Tous les copilotes IA promettent la même chose : plus de suggestions, plus vite, partout. Complétion de ligne, ghost text, propositions inline. Le problème, c'est que les développeurs qui construisent des UI réelles ne veulent pas plus de suggestions. Ils veulent un espace de conversation structuré, un endroit où piloter l'IA avec du contexte, des contraintes, un historique. Bref, ils veulent la sidebar.

J'utilise Claude Code et Cursor au quotidien pour construire des applications complètes.
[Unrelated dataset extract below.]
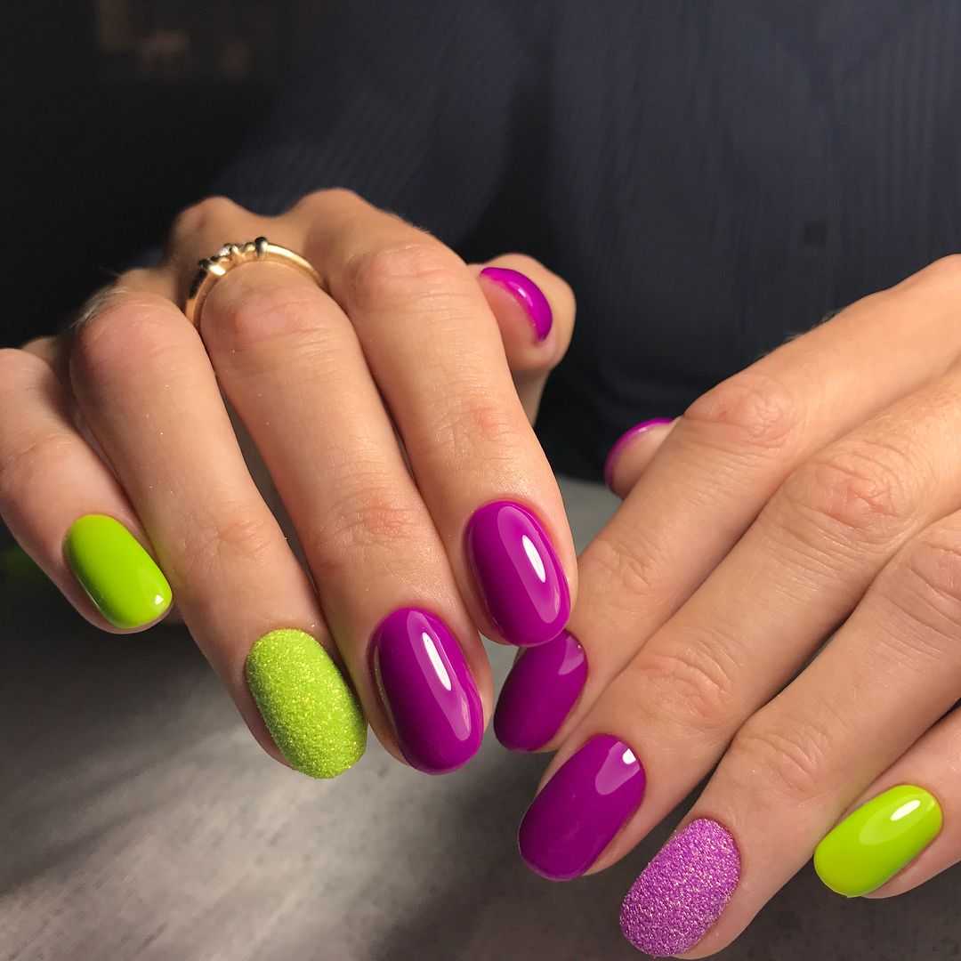 Яркость и совершенство фиолетового отлично подчёркивается жёлтым. Красный или коралловый чудесно сочетается с бирюзовым или зелёным. К этому определению также можно уверенно отнести сочетание в одном маникюре различных структур, где матовые, лаковые и перламутровые покрытия прекрасно гармонируют между собой в одном дизайне.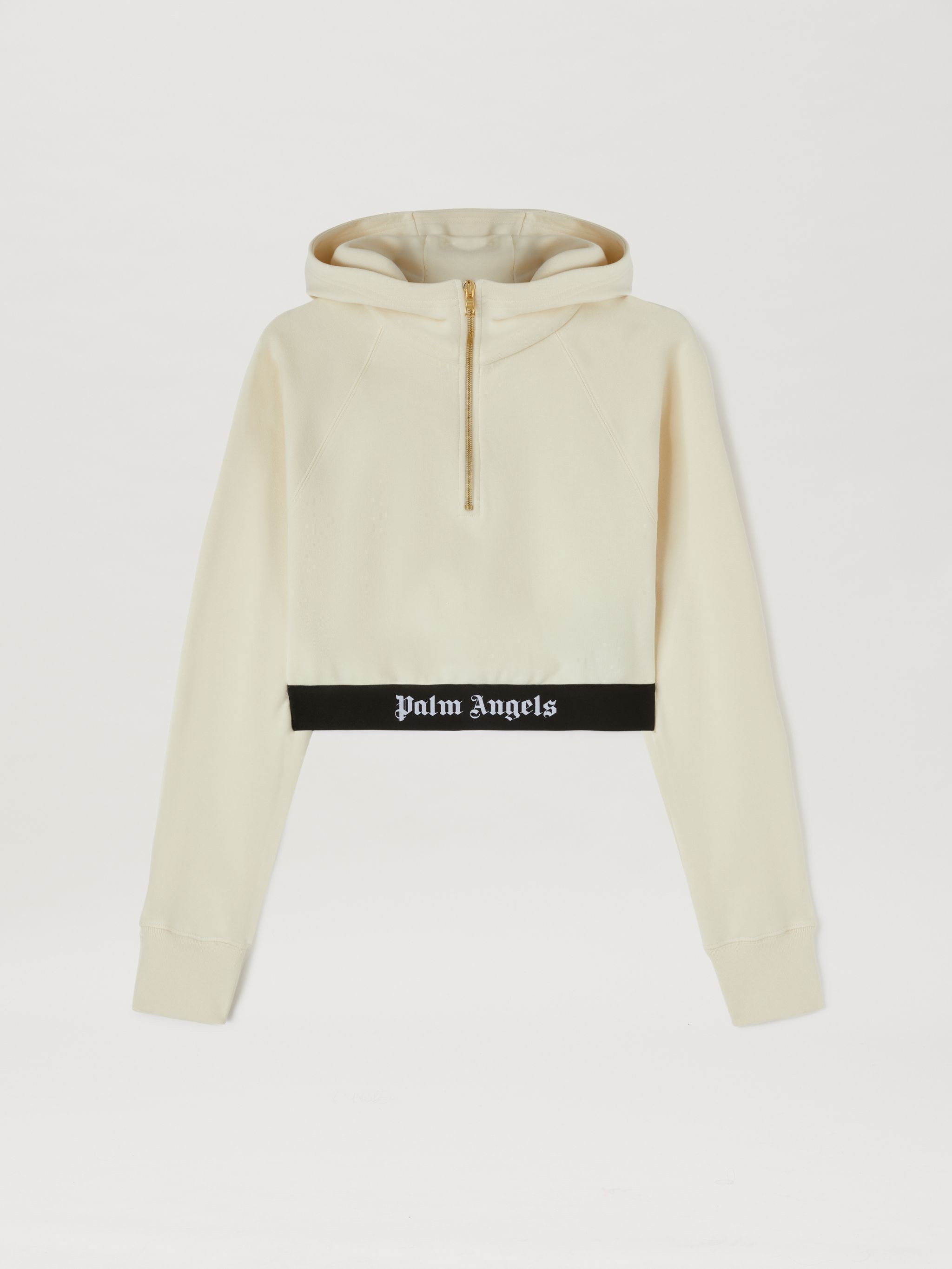 Women's white hoodie, with half-zip and black elastic hem with white Palm Angels logo printed front and back. PRODUCT ID: PWBB062S24FLE0010310

Ce que j'observe, c'est que la valeur a basculé : l'autocomplétion est devenue un commodity. Le vrai levier, c'est l'interaction contextuelle, celle où vous décrivez ce que vous voulez, posez des contraintes, itérez sur un résultat. La sidebar, pas le ghost text.

  • Autocomplétion saturée : les suggestions inline plafonnent en valeur ajoutée pour les UI complexes.
  • 🎯 Sidebar = contrôle : le chat contextuel permet de piloter l'IA avec des specs, pas des devinettes.
  • ⚠️ Vibe coding sans cadre : les retours terrain montrent des codebases détruites en quelques semaines.
  • 🏗️ Workflow structuré : specs claires, fichiers de contexte et blocs testables changent tout.
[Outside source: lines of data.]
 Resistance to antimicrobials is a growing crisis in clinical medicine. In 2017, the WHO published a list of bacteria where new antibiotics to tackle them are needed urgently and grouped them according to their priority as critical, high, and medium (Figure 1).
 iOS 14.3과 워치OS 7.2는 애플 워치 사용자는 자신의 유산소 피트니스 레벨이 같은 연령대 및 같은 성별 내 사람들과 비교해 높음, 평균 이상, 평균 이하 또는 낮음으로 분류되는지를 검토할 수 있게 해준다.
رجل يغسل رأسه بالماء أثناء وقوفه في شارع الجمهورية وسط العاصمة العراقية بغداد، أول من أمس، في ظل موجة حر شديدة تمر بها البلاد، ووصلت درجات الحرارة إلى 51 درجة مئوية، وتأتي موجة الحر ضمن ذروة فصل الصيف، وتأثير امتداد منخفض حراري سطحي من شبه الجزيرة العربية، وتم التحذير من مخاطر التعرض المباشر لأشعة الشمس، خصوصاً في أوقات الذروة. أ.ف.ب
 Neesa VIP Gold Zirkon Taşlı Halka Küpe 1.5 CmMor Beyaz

Les suggestions passives ont atteint leur plafond

L'autocomplétion intelligente a été la première vague des copilotes IA. GitHub Copilot a démocratisé le concept en 2022, puis Cursor, Tabnine, Codeium et Amazon Q Developer ont suivi. Selon McKinsey, l'IA générative pourrait augmenter la productivité des développeurs de 20 à 45 %. Le chiffre fait rêver. La réalité terrain est plus nuancée.

Le ghost text fonctionne bien pour du boilerplate : un useState, une interface TypeScript, un handler d'événement standard. Quand vous construisez une UI complète (une page de pricing avec toggle mensuel/annuel, un dashboard avec des graphiques dynamiques, un formulaire multi-étapes), les suggestions inline tombent à plat. L'IA devine une ligne sans connaître votre intention globale.

Pourquoi l'autocomplétion ne suffit plus pour construire une UI ?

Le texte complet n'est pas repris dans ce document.